Start of DATA EXCERPT

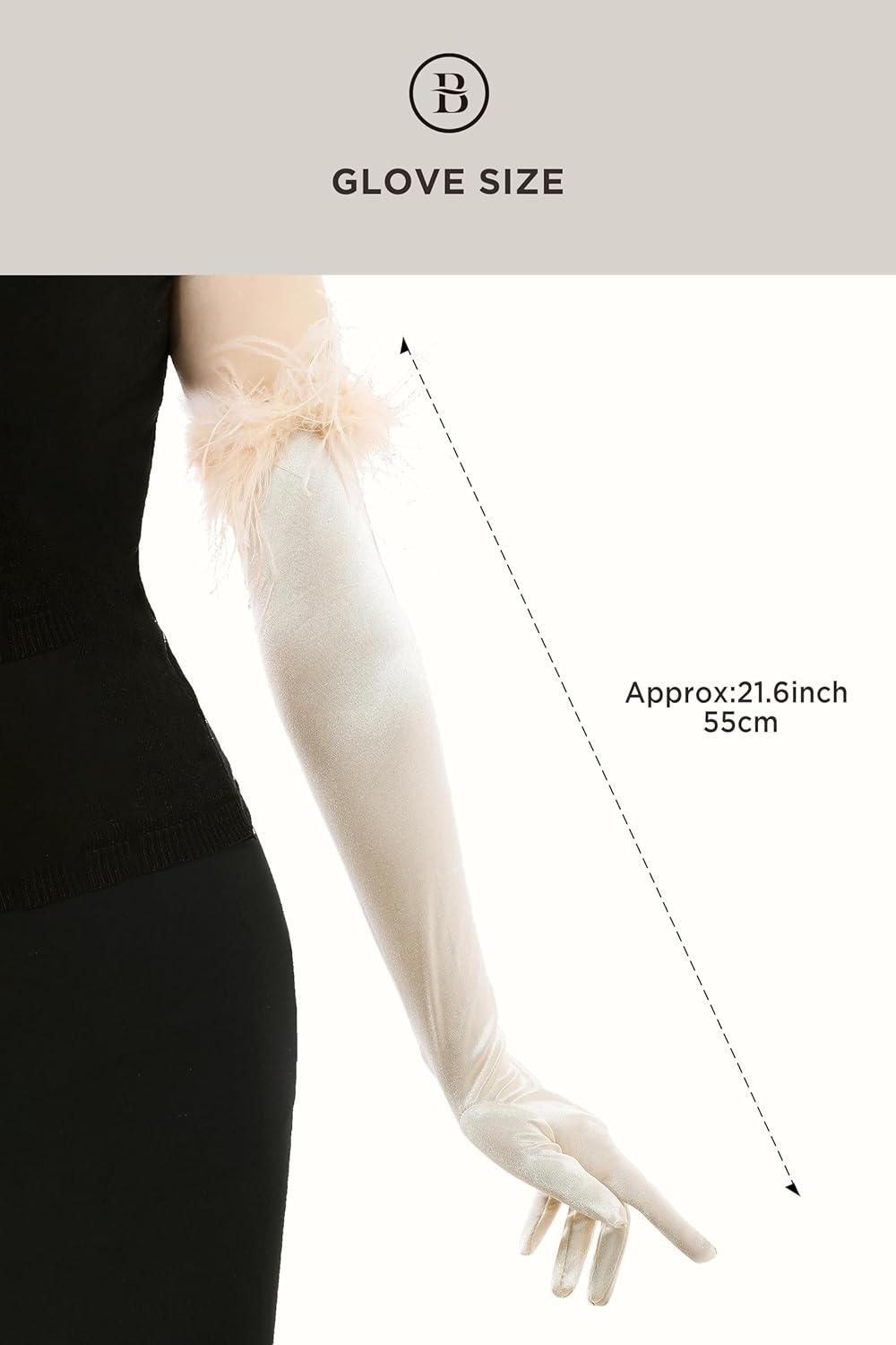 imageBABEYOND Long Satin Opera Gloves  Pageant Feather Gloves 1920s Stretchy Elbow Gloves for Halloween Costume Evening PartyChampagne
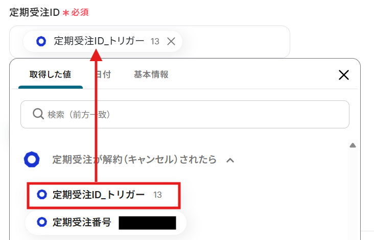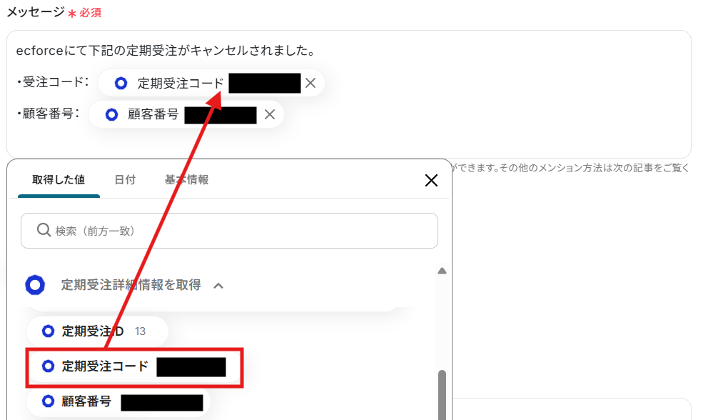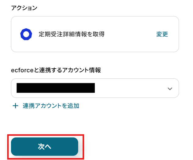 次に、ecforceで解約処理した定期受注の詳細情報を取得する設定を行います。
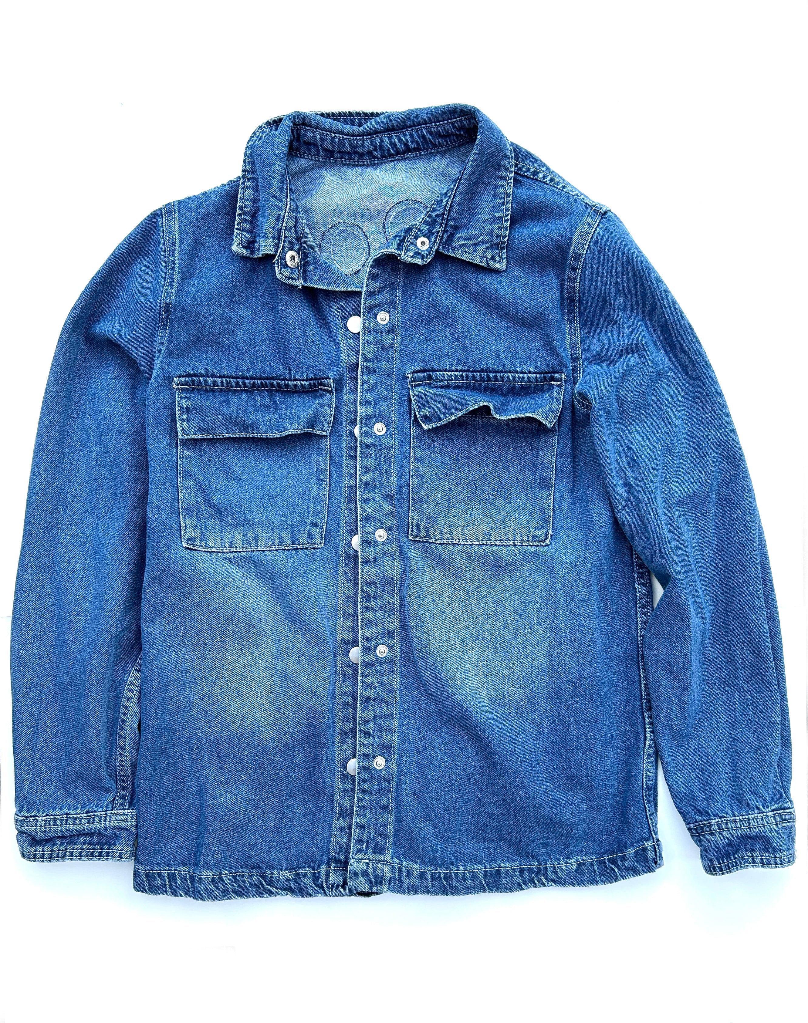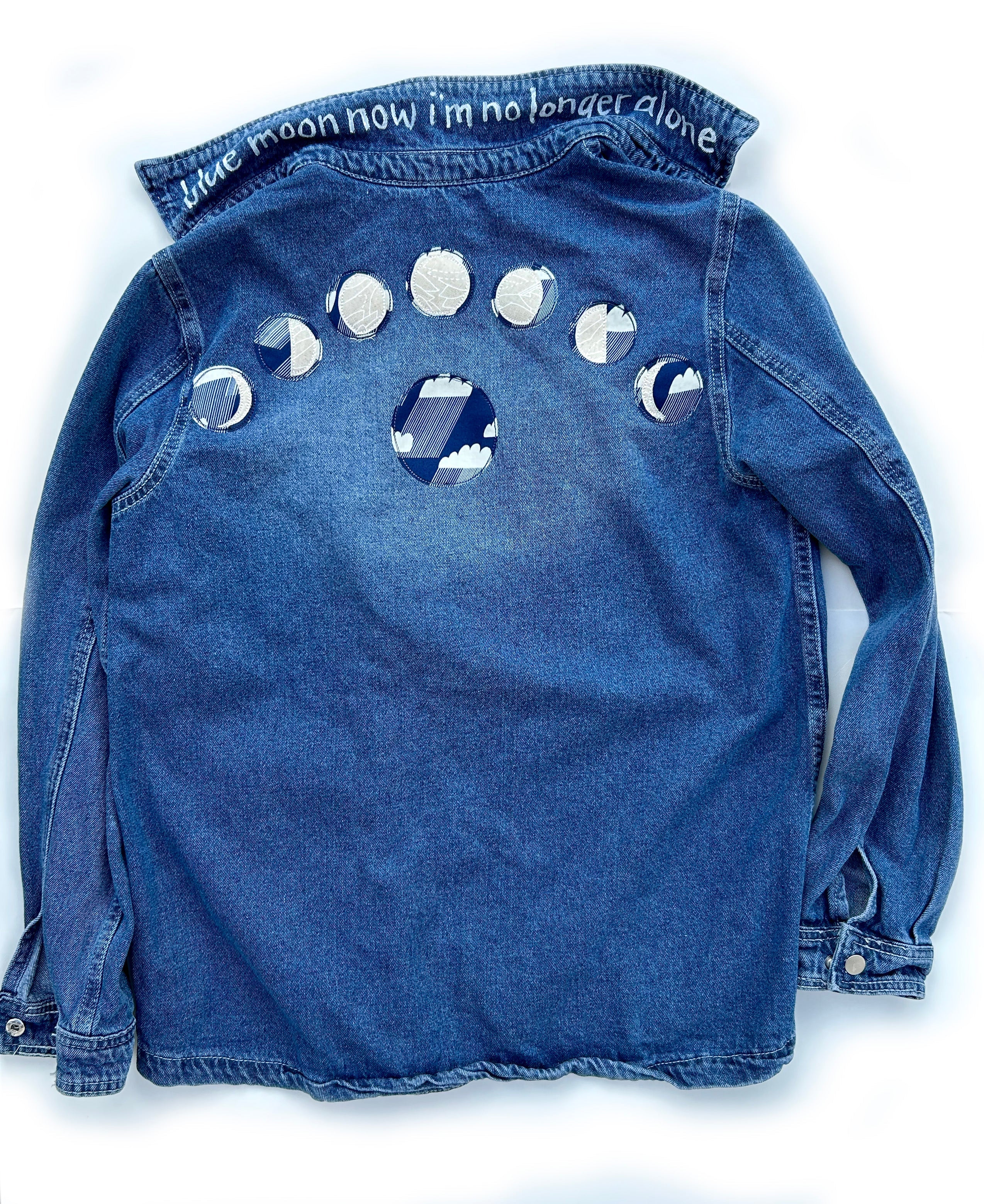 This is an upcycled unbranded denim shirt jacket, size S. It is a medium/dark wash with two top load breast pockets and snap closure. It is 100% cotton and on the thicker side. The back features machine appliquéd phases of the moon in natural, white, and blue fabrics. A popped collar reveals the phrase "blue moon, now I'm no longer alone" (Richard Rodgers/Lorenz Hart).

End of DATA EXCERPT

== YOUR GOAL ==
Give back, exactly as written, the lines from the top of the material above to the line containing "次に、ecforceで解約処理した定期受注の詳細情報を取得する設定を行います。", both included; skip every picture.

== OUTPUT OF THE EXERCISE ==
 imageBABEYOND Long Satin Opera Gloves  Pageant Feather Gloves 1920s Stretchy Elbow Gloves for Halloween Costume Evening PartyChampagne
 次に、ecforceで解約処理した定期受注の詳細情報を取得する設定を行います。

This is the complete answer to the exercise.